On that the court first says that a case “involving a ‘consumer law firm’ and a high volume practice . . .  is difficult to compare with others.” That is worth a long article. But the short version is: no, it isn’t, unless the suggestion is that “consumer” law firms (whether “consume” refers to lawyer or client isn’t clear) needn’t follow the same rules of ethics as the rest of us.

But rejecting  proportionality allows the court to address “internal proportionality” – i.e., to compare Phillips’ sanction to Arentz.’ Arentz had 19 ethical violations; Phillips scored only 12. Arentz was more directly involved with his violations. But Arentz got only sixty days. And the reason for Phillip’s “and a day” sanction was because that means he would have to go through a formal reinstatement process, lengthening the sanction. Although the court agrees that Phillips deserves worse that Arentz, it concludes that six months – without the complication of the extra day – is enough. (There is also probation, the 21 conditions of which are stated in the appendix. In addition, while suspended “Phillips’s [sic] name may not be used in firm advertisements, letterhead, or other communications” – stand by for some Glen Phillips commercials – and he can’t take any firm income.)

Judge Weisberg, sitting by designation, writes separately to support the stiffer “and-a-day” sanction. “Phillips is not being sanctioned for his second ethics violation [as the majority suggests]. He is being sanctioned for his ethics violations eighteen through twenty-nine.” If you’re keeping score, Phillips’ 29 beats Arentz’ 19.  Phillips had been on probation once already. And Arentz was “working in a system that was developed, implemented, and supervised by Phillips.” He does agree, though, that you can’t compare “consumer” law firms (the court at least has the grace to put that in quotation marks) with the rest of us, who presumably exist merely to grind the faces of the poor.

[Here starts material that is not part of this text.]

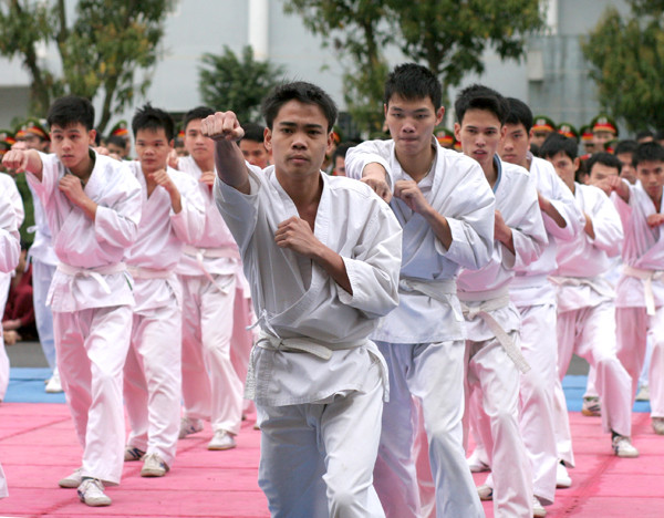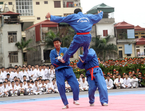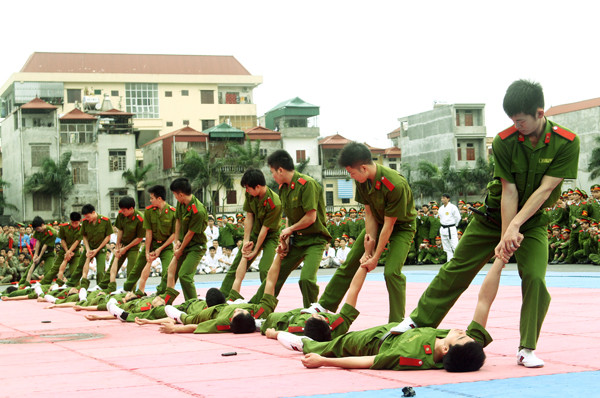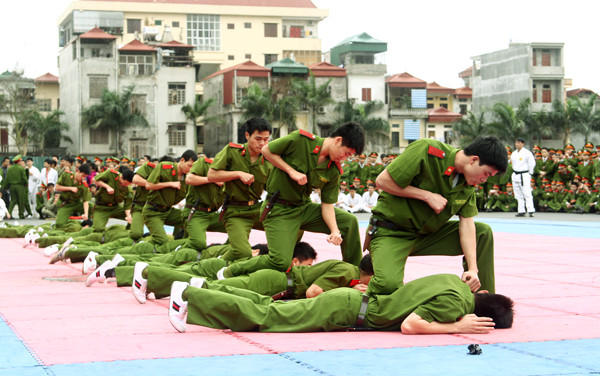 Đó là màn trình diễn của các học viên Học viện Cảnh sát Nhân dân trong chương trình Hội thao biểu diễn võ thuật diễn ra ngày 23-3, tại trường Học viện Cảnh sát Nhân dân (Cổ Nhuế, Hà Nội).

Now, regardless of what you think of this type of firm or this type of law or this type of lawyer, you have to wonder what was going on here. The court denies Arentz’ petition, grants Phillips’ petition purportedly for an issue that it spends about ten seconds on, then reduces Phillips’ sanction not because of what he did but supposedly because it wasn’t proportional to a sanction it had denied itself the opportunity to review (which, as Judge Weisberg tries to point out, was too light), by pretending that comparing one case to one other is a proportionality analysis. This is one of those times when you don’t know what to hope – that the court didn’t realize how bad this would stink, or that it did.